(SOURCE DATA begins)

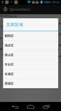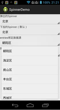 1 <?xml version="1.0" encoding="utf-8"?> 2 <resources> 3 <string name="app_name">SpinnerDemo</string> 4 <string name="action_settings">Settings</string> 5 <string name="hello_world">Hello world!</string> 6 <string name="beij_prompt">北京区域</string> 7 <string-array name="beijing"> 8 <item>朝阳区</item> 9 <item>海淀区</item> 10 <item>房山区</item> 11 <item>丰台区</item> 12 <item>东城区</item> 13 <item>西城区</item> 14 </string-array> 15 </resources>
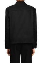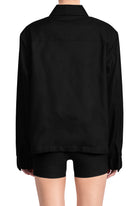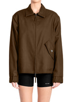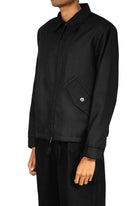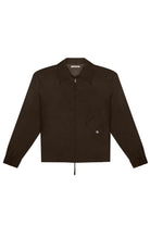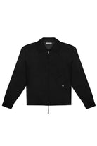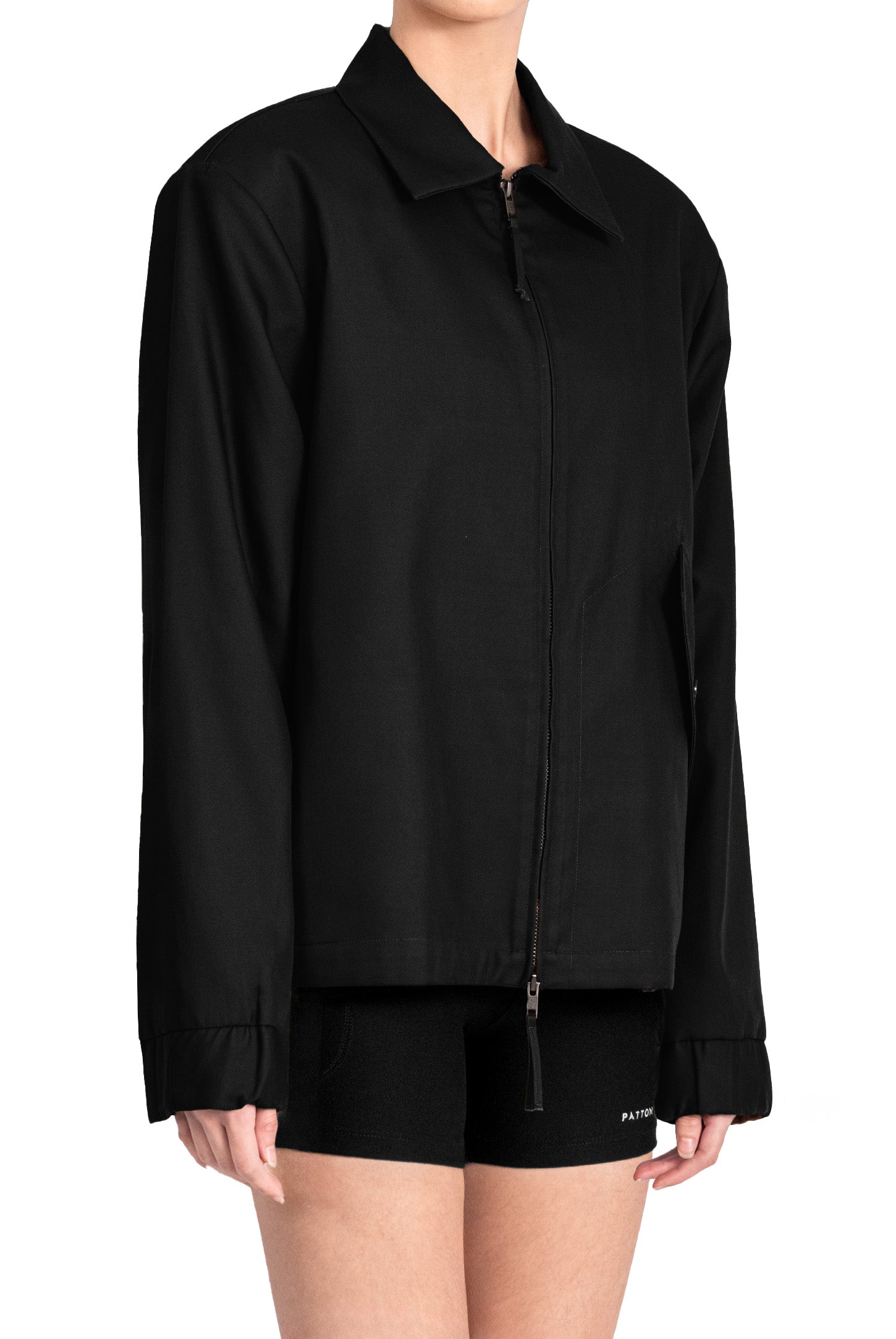 A relaxed fit, unisex jacket with a classic collar and two-way zip closure with fabric slider, gartered cuffs, an oversized flap side pocket with metal button logo, and an inner pocket.
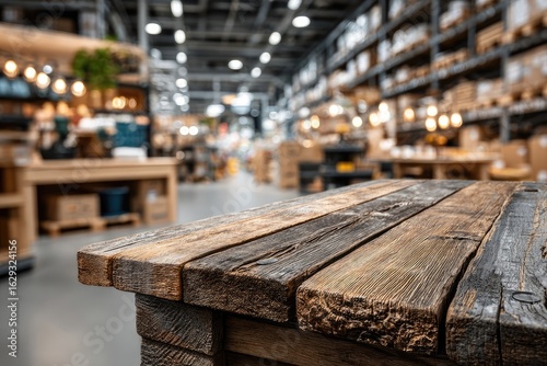 Wooden table top in front of a large warehouse
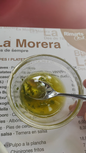 Read moreFuimos a cenar y la experiencia no fue agradable. Las mesas que ya se marcharon estaban por recoger, tanto es así que los camareros dejaban en ellas los platos de las mesas que estaban cenando a medida que se los acababan. A mi no me parece algo lógico pero cada uno en su establecimiento trabaja como quiere. Esperamos la bebida durante 20 minutos, pedimos 5 platos. Las bravas llegaron a los 10 minutos, no estaban calientes pero tampoco templadas, dulces, eso sí, aunque el gusto es subjetivo así que por ahora nada que no solucione un poco de sal. Para los dos siguientes platos tuvimos que esperar media hora. Calamares a la plancha y oreja al estilo "la morera". Ambos platos llegaron fríos, los calamares totalmente dulces, los 4 de la mesa coincidimos en ello; la oreja parecía recocinada, estaba fria, pastosa y con esa capa de aceite solidificada cuando algo ha estado guardado, no creo que esa fuera la idea al hacerlas con ese estilo, si es así, supongo que habrá a gente que le guste. Más de media hora más tarde llegaron las gambas al ajillo, de nuevo un plato que llega frío, una mezcla de sopa de aceite ajos y gambas duras. Pedimos morralla frita pero no llegó nunca. Pedimos que cancelaran el plato, el camarero no mostró el más minimo interes en el motivo, asi que sin más importancia lo canceló, preguntó si queríamos postre o café, declinamos la oferta y pedimos la cuenta. Antes de tener la cuenta, una camarera nos traía el plato de morralla que habíamos cancelado, le explicamos la situacion y después de escuchar sus quejas porque el plato era para nosotros, la mesa que teníamos al lado se lo quedó. Volvimos a pedir la cuenta, al rato pudimos pagar. La verdad es que la terraza es muy aprovechable, grande, espaciosa entre mesas y no hay mucho ruido, es una lástima que tanto el servicio como la comida fueran...
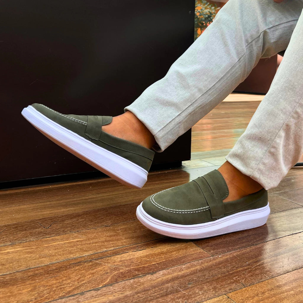 Produzido com material premium e costura reforçada à mão, oferece durabilidade, conforto e um caimento impecável nos pés. O solado emborrachado com tecnologia antiderrapante garante segurança ao caminhar, enquanto a palmilha anatômica proporciona bem-estar durante todo o dia.
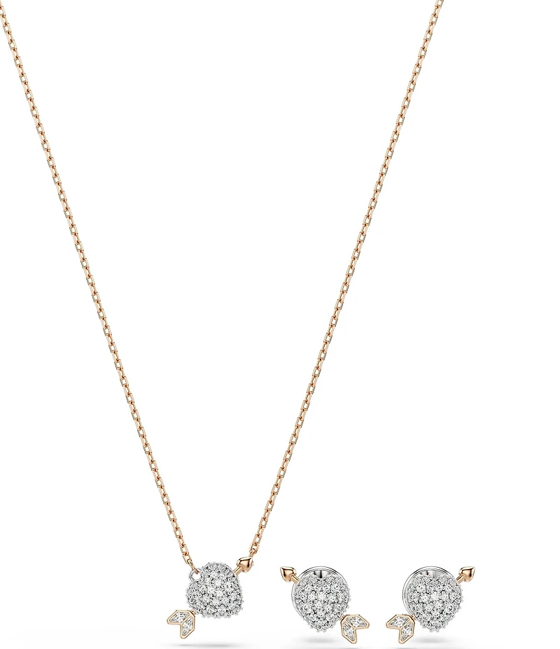 Swarovski Idyllia Mixed Cut Heart with Arrow Short Pendant Necklace & Stud Earring Set
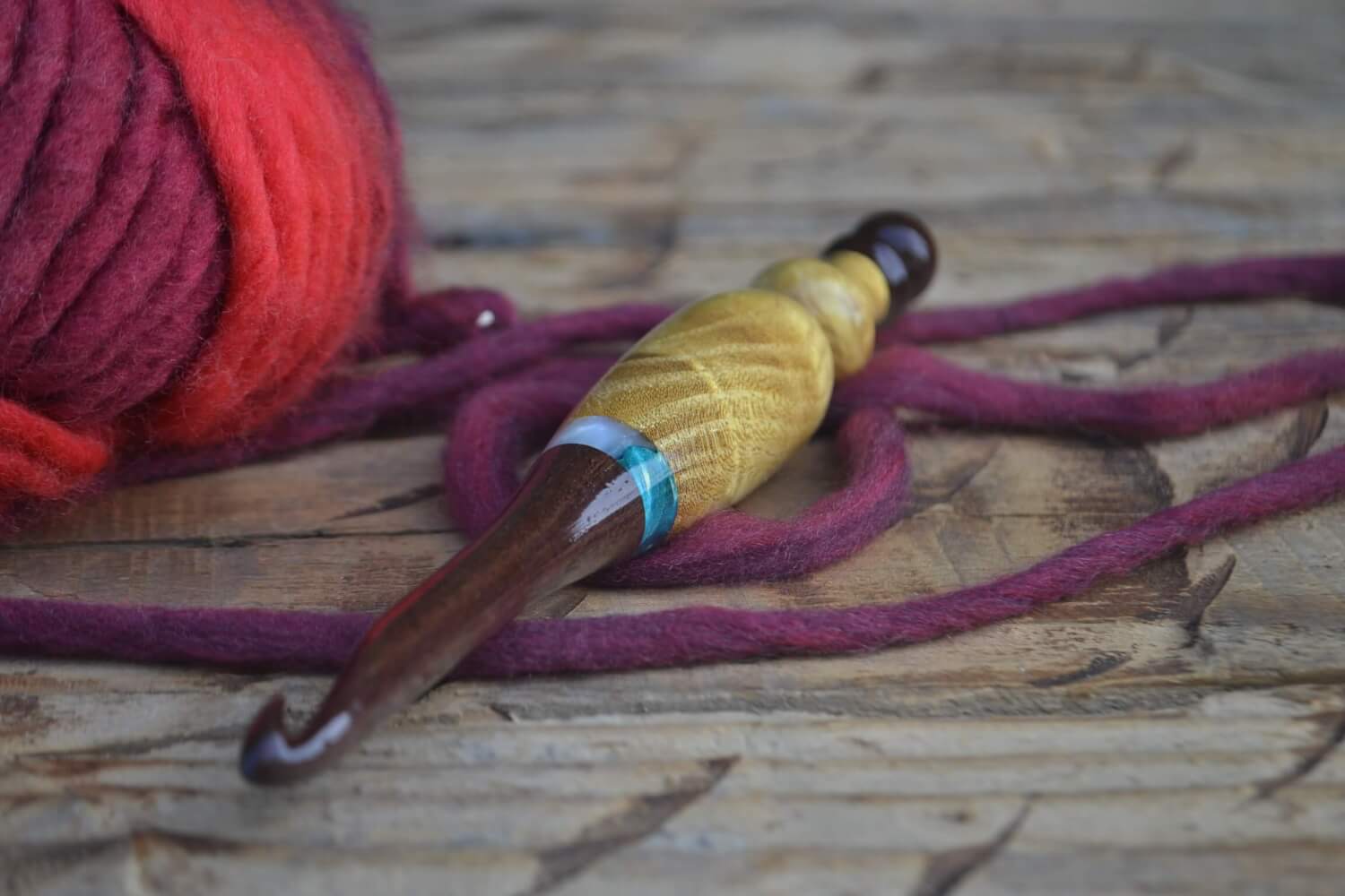 4.5 mm size 7 Purpleheart/ Box Elder Stab. Curly/ Burl wood, Mulberry Curly wood Ergonomic Crochet Hook 24 mm 16.5 cm #839-4529
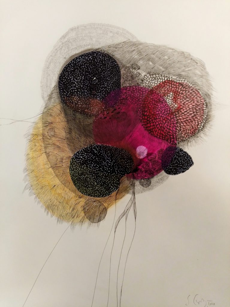 Peintre, dessinatrice et «poseuse d’images», je mêle et entremêle ces différents modes d’expressions, créant un univers intimiste. Mon approche créatrice est bercée par des thèmes récurrents, comme la mémoire, le monde de l’enfance, l’intimité de la femme, le discours amoureux. Depuis plusieurs années je développe un travail autour de l’encre, du crayon. Le dessin est pour moi un acte d’abandon, une respiration autour de formes librement inspirées de la dentelle. Mes dessins sont comme des petites pelotes de laine, que l‘on déroule doucement dévoilant une part intime de nous.
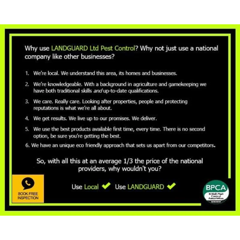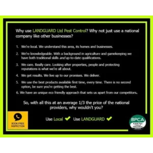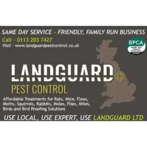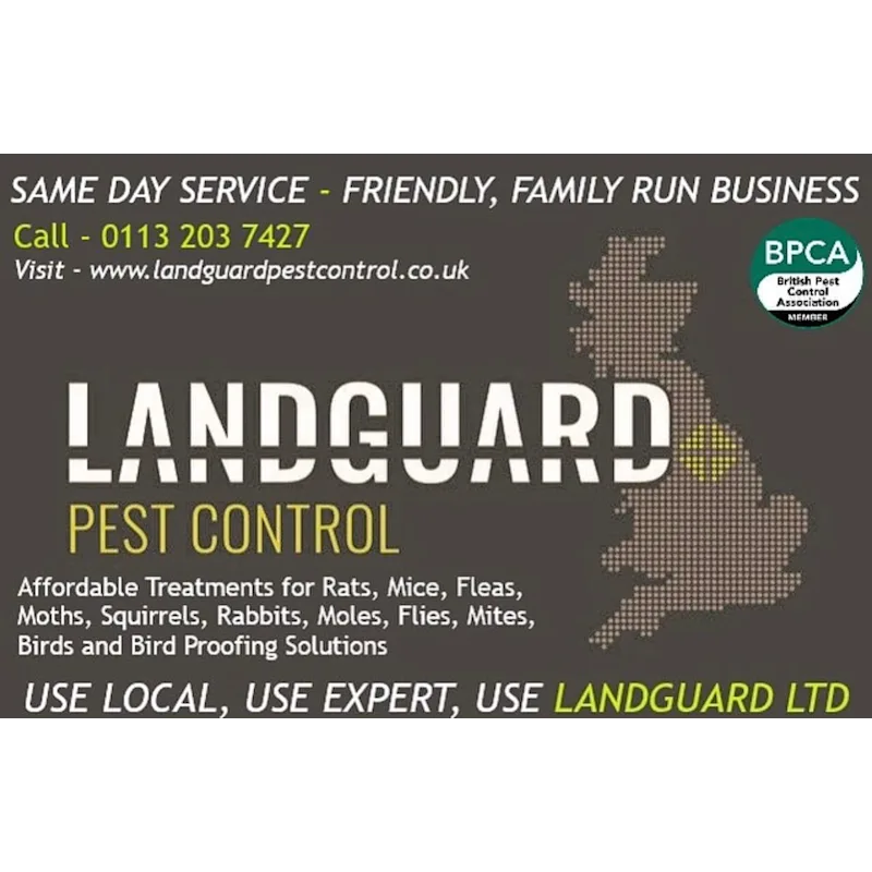 LANDGUARD Pest Control is a 5 ⭐️ rated, friendly, family-run business. Our services include Wasp Removal, Rat Control, Mouse Control, Fly control and treatments, Flea treatments, Cockroach treatments, Mole control/removal, Rabbit control/removal, Squirrel control/removal, Ant treatments, Mite treatments, Moth treatments, Textile pest treatments, Bird control/proofing and Bed Bug Detection Dog Searches. We pride ourselves on our commitment to providing professional and prompt service at all times while maintaining the highest quality of work—as a specialist in domestic, equestrian, and agricultural pest management and covering Leeds, Otley, Pool, Yeadon, Guiseley, Menston, Addingham, Ilkley, Harrogate, Pannal, Huby, North Rigton, Askwith, Spofforth, Kirby Overblow, Harewood, Moor Allerton, Collingham, Ripon, and all surrounding villages.
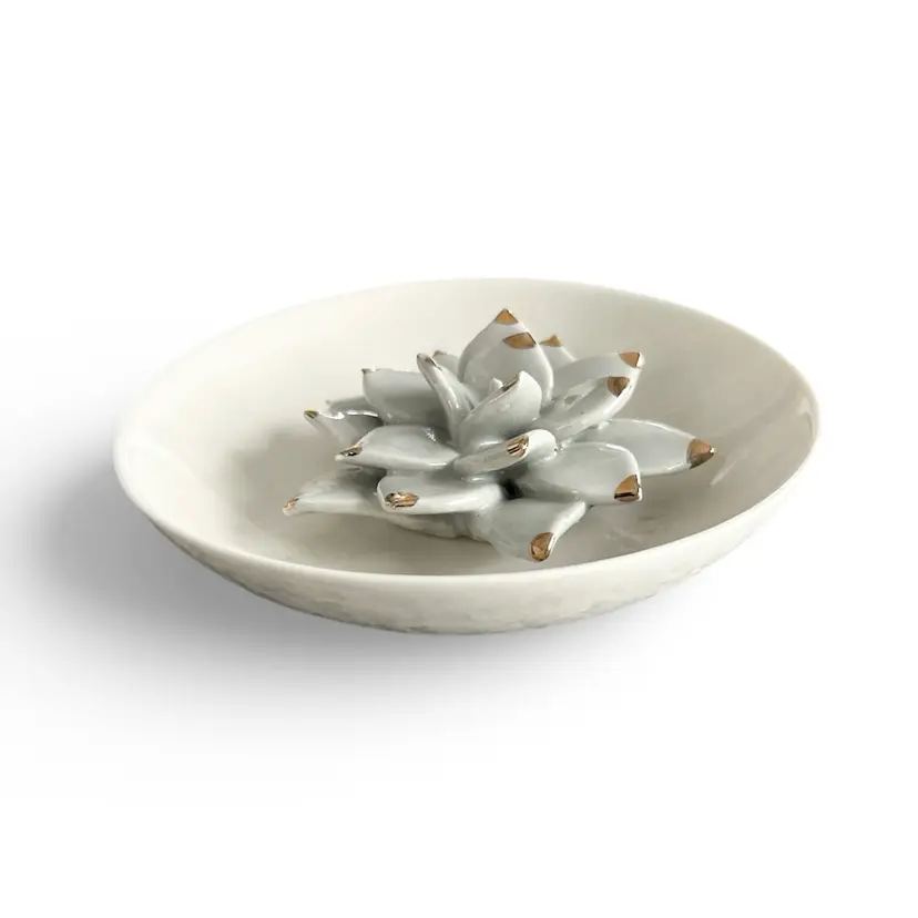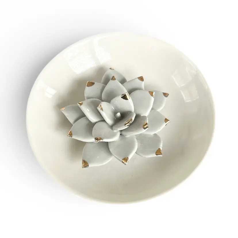 Keep your treasures safe with this elegant white ceramic dish featuring a delicate succulent design. Perfect for jewelry or small keepsakes. Size: 4”
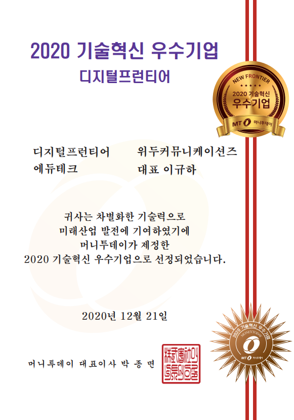 2020 기술혁신 우수기업 페이지 정보 작성자 WeDu 댓글 0건 조회 5,804회 작성일 21-12-31 12:58 본문 2020-12-21 2020 기술혁신 우수기업 디지털프런티어 에듀테크 머니투데이 대표이사 List Previous2020 소년한국 우수 어린이 도서 선정 21.12.31 Next2020 서울산업진흥원 2020 DMC어워드 21.12.31
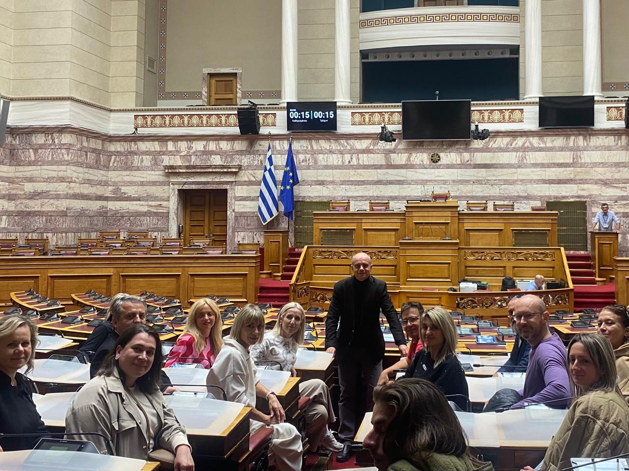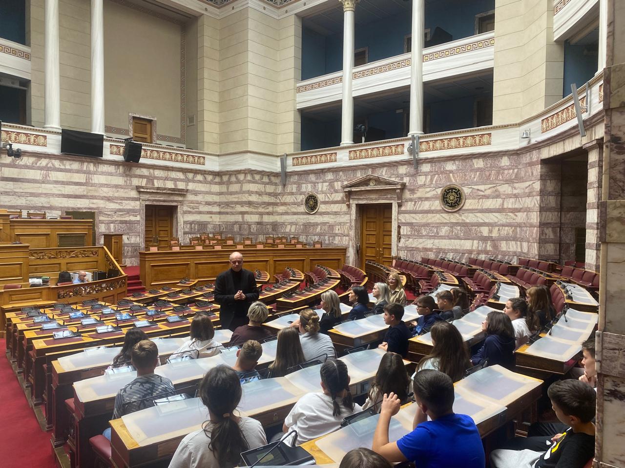Οι μικροί μαθητές περιηγήθηκαν στους χώρους του Ελληνικού Κοινοβουλίου και είχαν την ευκαιρία να γνωρίσουν από κοντά πώς λειτουργεί το πολίτευμά μας. Ο κ. Καπετάνος τους ξενάγησε στην Αίθουσα της Ολομέλειας, εξηγώντας με απλά λόγια τη διαδικασία λήψης αποφάσεων και τον ρόλο του Βουλευτή στη Δημοκρατία.
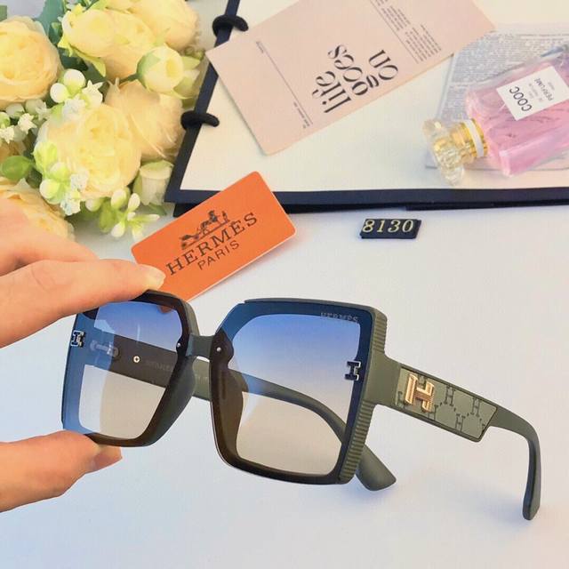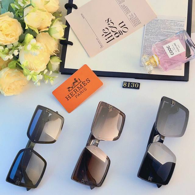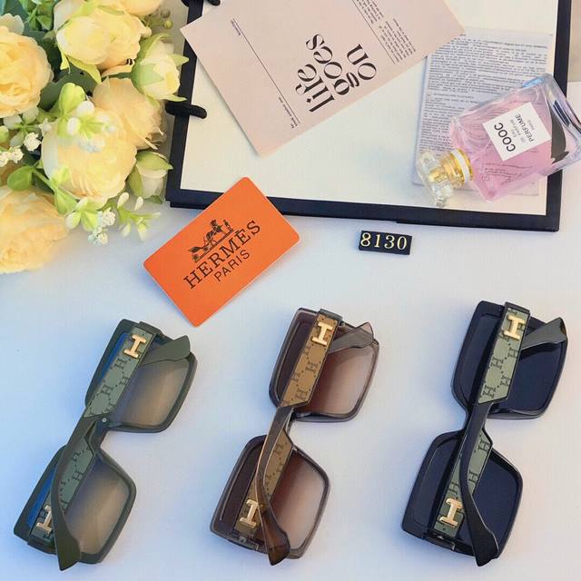 / Herme* Women's Sunglasses, New Year Style, Sun Protection, Square Frame, Korean
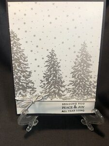 If you like silver and white this is a card for you.  The silver card stock is so pretty against the white background that I didn’t need to add much more to the card. I added a small sentiment on the bottom and some silver twine with a bow.
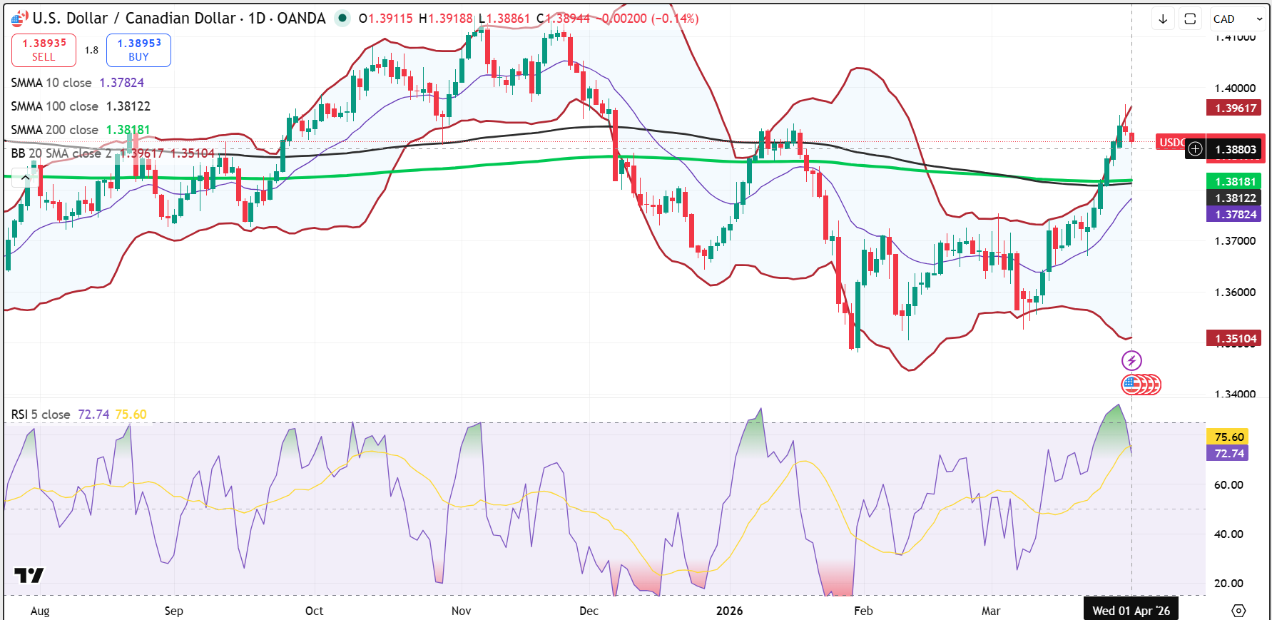 The intraday USDCAD technicals are bullish above 1.3860, but momentum has clearly cooled after tagging the upper Bollinger Band near 1.3950–1.3965. The sharp drop in the 4-hour RSI from overbought to the low 30s suggests a positioning flush rather than a trend reversal. A break above 1.3965 targets 1.4000, while a move below 1.3860 targets 1.3810.
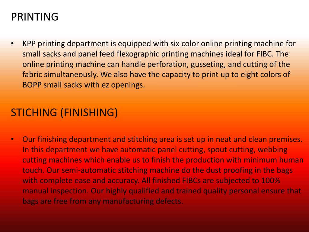 PRINTING • KPP printing department is equipped with six color online printing machine for small sacks and panel feed flexographic printing machines ideal for FIBC. The online printing machine can handle perforation, gusseting, and cutting of the fabric simultaneously. We also have the capacity to print up to eight colors of BOPP small sacks with ez openings. STICHING (FINISHING) • Our finishing department and stitching area is set up in neat and clean premises. In this department we have automatic panel cutting, spout cutting, webbing cutting machines which enable us to finish the production with minimum human touch. Our semi-automatic stitching machine do the dust proofing in the bags with complete ease and accuracy. All finished FIBCs are subjected to 100% manual inspection. Our highly qualified and trained quality personal ensure that bags are free from any manufacturing defects.

(SOURCE DATA ends)

#### EXERCISE BRIEF:
Nothing except the lines from the one containing "Swarovski Idyllia Mixed" through the one containing "4.5 mm size" should appear in the answer, exactly as above and without pictures.

#### THE COMPLETED TASK:
 Swarovski Idyllia Mixed Cut Heart with Arrow Short Pendant Necklace & Stud Earring Set
 4.5 mm size 7 Purpleheart/ Box Elder Stab. Curly/ Burl wood, Mulberry Curly wood Ergonomic Crochet Hook 24 mm 16.5 cm #839-4529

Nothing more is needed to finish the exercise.